WIENER, J., Concurring.—In determining whether a trial lawyer performed in a manner to be expected of reasonably competent attorneys acting as diligent advocates, appellate courts should be cautious of the apparent intellectual acuity gained by hindsight. Although Monday morning quarterbacking may be stimulating, it is inappropriate when judging lawyers who deal in the demanding and uncertain turf of the courtroom. “Appellate courts must recognize that in second guessing tactical decisions reached by trial counsel, they chill the creativity of lawyers with a resultant standardized and mechanistic style of advocacy developed in every case as a matter of protection for the lawyer with questionable benefit to the client. Lawyers must retain the individuality of thought essential to the artisan in the performance of his craft.” (People v. Espinoza (1979) 99 Cal.App.3d 44, 48 [159 Cal.Rptr. 803].)
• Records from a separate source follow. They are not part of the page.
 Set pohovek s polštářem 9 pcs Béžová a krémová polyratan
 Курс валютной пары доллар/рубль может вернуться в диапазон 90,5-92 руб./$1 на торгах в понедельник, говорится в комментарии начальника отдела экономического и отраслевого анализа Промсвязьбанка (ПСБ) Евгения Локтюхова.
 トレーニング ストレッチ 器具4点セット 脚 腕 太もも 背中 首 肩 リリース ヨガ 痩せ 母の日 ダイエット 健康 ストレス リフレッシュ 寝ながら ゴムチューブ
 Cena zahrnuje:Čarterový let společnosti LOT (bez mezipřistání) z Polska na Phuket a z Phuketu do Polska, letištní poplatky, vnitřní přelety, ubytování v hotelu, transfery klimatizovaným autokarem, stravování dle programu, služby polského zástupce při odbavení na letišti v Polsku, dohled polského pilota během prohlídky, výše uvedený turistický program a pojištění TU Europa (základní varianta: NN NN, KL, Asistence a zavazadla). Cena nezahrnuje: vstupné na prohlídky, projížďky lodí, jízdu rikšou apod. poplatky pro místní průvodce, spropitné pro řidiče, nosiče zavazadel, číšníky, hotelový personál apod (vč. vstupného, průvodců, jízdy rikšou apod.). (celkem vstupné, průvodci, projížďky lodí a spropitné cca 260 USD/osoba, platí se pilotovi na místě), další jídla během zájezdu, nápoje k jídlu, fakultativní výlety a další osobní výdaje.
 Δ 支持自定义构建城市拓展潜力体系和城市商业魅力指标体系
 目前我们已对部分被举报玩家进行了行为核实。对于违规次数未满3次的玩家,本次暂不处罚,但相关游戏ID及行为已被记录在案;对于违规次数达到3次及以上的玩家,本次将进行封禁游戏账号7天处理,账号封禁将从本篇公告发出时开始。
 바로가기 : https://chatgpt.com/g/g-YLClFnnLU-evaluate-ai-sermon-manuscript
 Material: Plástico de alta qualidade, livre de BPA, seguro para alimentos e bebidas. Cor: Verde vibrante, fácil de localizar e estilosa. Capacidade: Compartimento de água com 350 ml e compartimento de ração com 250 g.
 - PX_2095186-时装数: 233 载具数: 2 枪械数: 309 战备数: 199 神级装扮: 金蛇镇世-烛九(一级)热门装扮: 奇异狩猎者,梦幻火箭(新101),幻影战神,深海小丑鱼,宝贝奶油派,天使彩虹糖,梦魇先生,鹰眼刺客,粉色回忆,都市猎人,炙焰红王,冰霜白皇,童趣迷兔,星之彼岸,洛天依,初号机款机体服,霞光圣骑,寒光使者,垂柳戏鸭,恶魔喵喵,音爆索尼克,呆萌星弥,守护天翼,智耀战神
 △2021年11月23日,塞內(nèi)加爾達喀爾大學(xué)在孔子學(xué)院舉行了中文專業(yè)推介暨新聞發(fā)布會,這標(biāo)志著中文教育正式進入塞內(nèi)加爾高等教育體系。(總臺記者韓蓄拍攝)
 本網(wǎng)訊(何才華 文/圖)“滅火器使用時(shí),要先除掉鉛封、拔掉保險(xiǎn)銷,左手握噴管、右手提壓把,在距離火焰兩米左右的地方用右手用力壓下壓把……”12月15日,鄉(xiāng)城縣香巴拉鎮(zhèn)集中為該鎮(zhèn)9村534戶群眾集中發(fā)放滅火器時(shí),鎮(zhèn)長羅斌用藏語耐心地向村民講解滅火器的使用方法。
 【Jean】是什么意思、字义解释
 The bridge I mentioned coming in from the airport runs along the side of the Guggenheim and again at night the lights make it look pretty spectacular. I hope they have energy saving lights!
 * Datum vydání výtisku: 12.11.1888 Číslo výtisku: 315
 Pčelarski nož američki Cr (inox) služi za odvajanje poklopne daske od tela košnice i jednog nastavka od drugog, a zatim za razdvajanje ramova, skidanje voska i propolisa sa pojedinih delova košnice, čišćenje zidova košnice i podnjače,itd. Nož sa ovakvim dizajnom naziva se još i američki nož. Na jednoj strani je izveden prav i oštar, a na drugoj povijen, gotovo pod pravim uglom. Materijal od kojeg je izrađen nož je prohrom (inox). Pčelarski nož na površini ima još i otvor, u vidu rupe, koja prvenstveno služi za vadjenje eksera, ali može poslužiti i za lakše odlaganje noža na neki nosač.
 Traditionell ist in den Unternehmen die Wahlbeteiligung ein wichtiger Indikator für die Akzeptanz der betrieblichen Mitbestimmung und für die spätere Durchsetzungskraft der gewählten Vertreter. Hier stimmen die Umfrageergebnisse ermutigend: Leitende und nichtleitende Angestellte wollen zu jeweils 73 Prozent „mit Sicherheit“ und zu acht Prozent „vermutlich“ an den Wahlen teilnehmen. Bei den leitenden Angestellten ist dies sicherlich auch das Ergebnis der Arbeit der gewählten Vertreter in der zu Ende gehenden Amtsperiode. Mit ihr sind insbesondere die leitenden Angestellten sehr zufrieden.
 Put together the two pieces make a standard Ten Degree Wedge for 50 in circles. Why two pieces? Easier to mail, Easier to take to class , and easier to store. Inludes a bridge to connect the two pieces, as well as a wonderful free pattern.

Having said all of this, however, I still remain puzzled why trial counsel here did not object to White‘s testimony contained in the preliminary hearing transcript before the trial started on the ground White was denied effective counsel at his preliminary hearing. Had trial counsel done so, the court could have dealt with the imponderables presented in this appeal. Specifically, whether there is some explanation for what appears to be a most unusual decision in permitting his client to testify at the preliminary hearing and to admit an element of the charge for which he was ultimately convicted. If after an evidentiary hearing the court found White‘s preliminary hearing counsel to have been incompetent, White‘s testimony in the preliminary hearing transcript could have been suppressed. On the other hand, if counsel had acted competently, the testimony remains and White is properly denied the opportunity of fictionalizing a different scenario. In any event, although it was his own testimony which prejudiced White at trial, I do not believe this fact should immunize a lawyer who may have erred in the first instance by allowing his client to testify at the preliminary hearing. I interpret “potentially meritorious defense” to be a generic phrase which in our constitutionally structured adversary system will include a defendant‘s volunteered testimony which will furnish the
Although appellate courts continually wrestle “... with the growing problem of the dual attack on adequacy of counsel by both direct appeal and writ of habeas corpus” (In re Lower (1979) 100 Cal.App.3d 144, at p. 145 [161 Cal.Rptr. 24]), we do not have the benefit in this case of either the in limine proceeding described above or of what has now become routine—a petition for writ of habeas corpus to allow for an evidentiary hearing to resolve the difficult factual questions which are presented. Accordingly, in light of this record, I concur in the result.
A petition for a rehearing was denied May 19, 1981, and appellant‘s petition for a hearing by the Supreme Court was denied July 29, 1981.